▶ _Problem statement_
Below are records; extract exactly the lines from the one with "Myydään tussilla ja" through the final line, including both, but drop the pictures.

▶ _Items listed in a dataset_

········

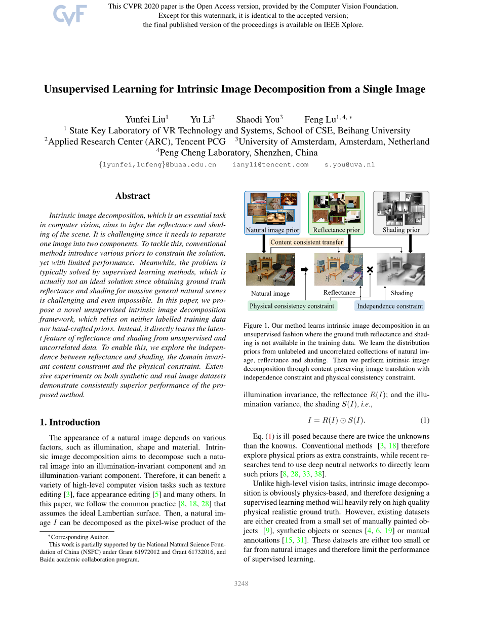 bull;所提出的方法优于现有的无监督方法,并在不同的内在图像基准上显示出与完全监督方法相当的结果。
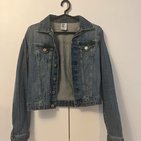 Myydään tussilla ja maaleilla tuunattu farkkutakki, joka sopii 14 vuotiaille (noin 164 cm). Oikealla etupuolella on tekstiä ja takaa löytyy Stichin kuva ja pari kukkaa.
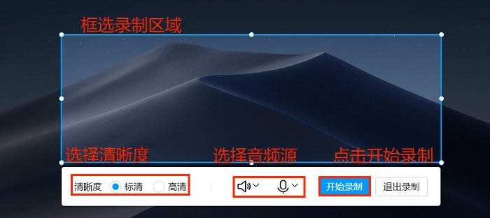 步骤2:在录制页面,自由框选需要录制的区域,然后选择录制的清晰度、音频源后就可以点击“开始录制”进行录制了。
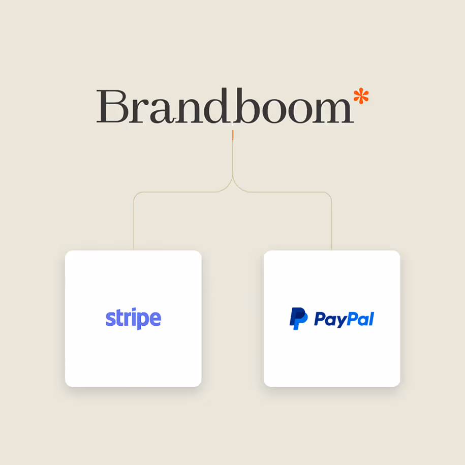 - Accept payments through Brandboom by integrating with Stripe or PayPal
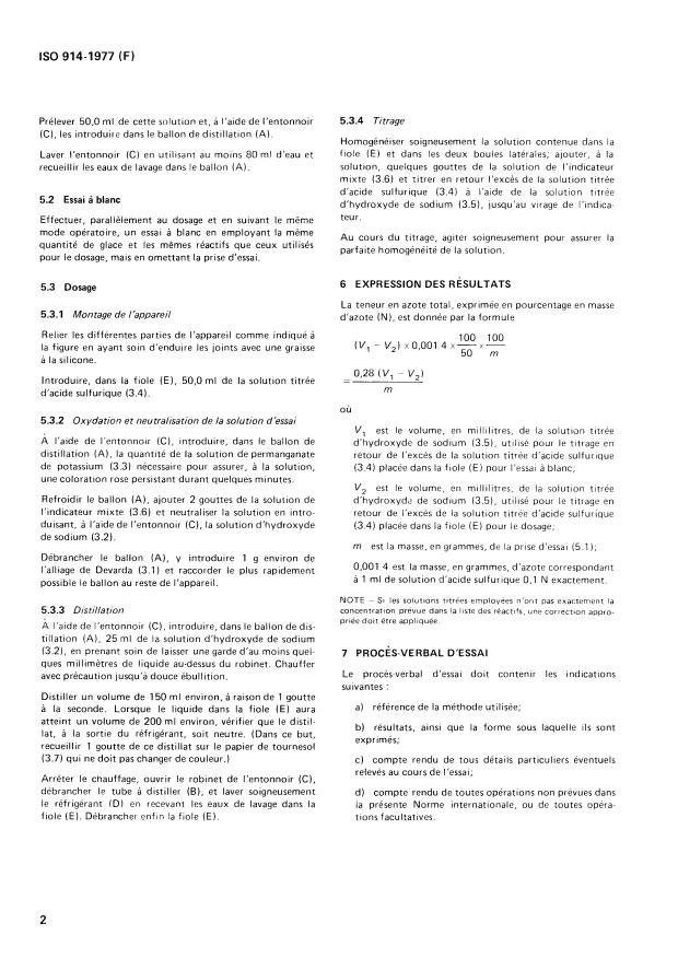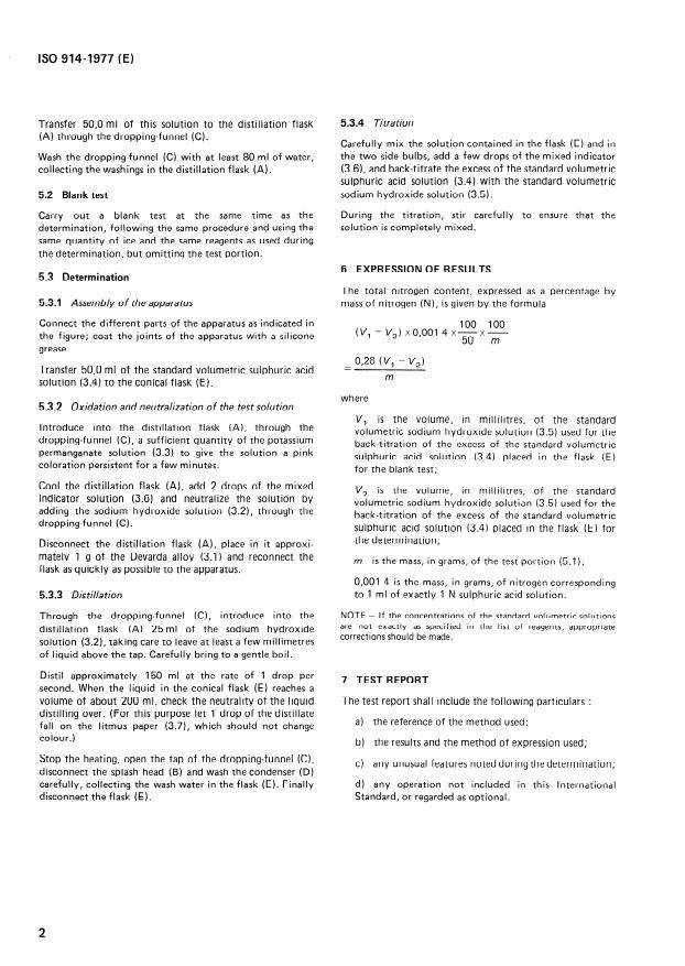 ISO 914:1977 is a standard published by the International Organization for Standardization (ISO). Its full title is "Sulphuric acid and oleum for industrial use — Determination of total nitrogen content — Titrimetric method after distillation". This standard covers: The method is applicable to products having a total nitrogen content equal to or greater than 0.05 % (m/m). The principle consists in the conversion of the nitrogen present in a test portion to ammonia by means of nascent hydrogen. Distillation and absorption of the ammonia in an excess of standard volumetric sulphuric acid solution, and back-titration with a standard volumetric sodium hydroxide solution in the presence of an indicator. - Replaces ISO Recommendation R 914-1968.

········

▶ _Response below_
 Myydään tussilla ja maaleilla tuunattu farkkutakki, joka sopii 14 vuotiaille (noin 164 cm). Oikealla etupuolella on tekstiä ja takaa löytyy Stichin kuva ja pari kukkaa.
 步骤2:在录制页面,自由框选需要录制的区域,然后选择录制的清晰度、音频源后就可以点击“开始录制”进行录制了。
 - Accept payments through Brandboom by integrating with Stripe or PayPal
 ISO 914:1977 is a standard published by the International Organization for Standardization (ISO). Its full title is "Sulphuric acid and oleum for industrial use — Determination of total nitrogen content — Titrimetric method after distillation". This standard covers: The method is applicable to products having a total nitrogen content equal to or greater than 0.05 % (m/m). The principle consists in the conversion of the nitrogen present in a test portion to ammonia by means of nascent hydrogen. Distillation and absorption of the ammonia in an excess of standard volumetric sulphuric acid solution, and back-titration with a standard volumetric sodium hydroxide solution in the presence of an indicator. - Replaces ISO Recommendation R 914-1968.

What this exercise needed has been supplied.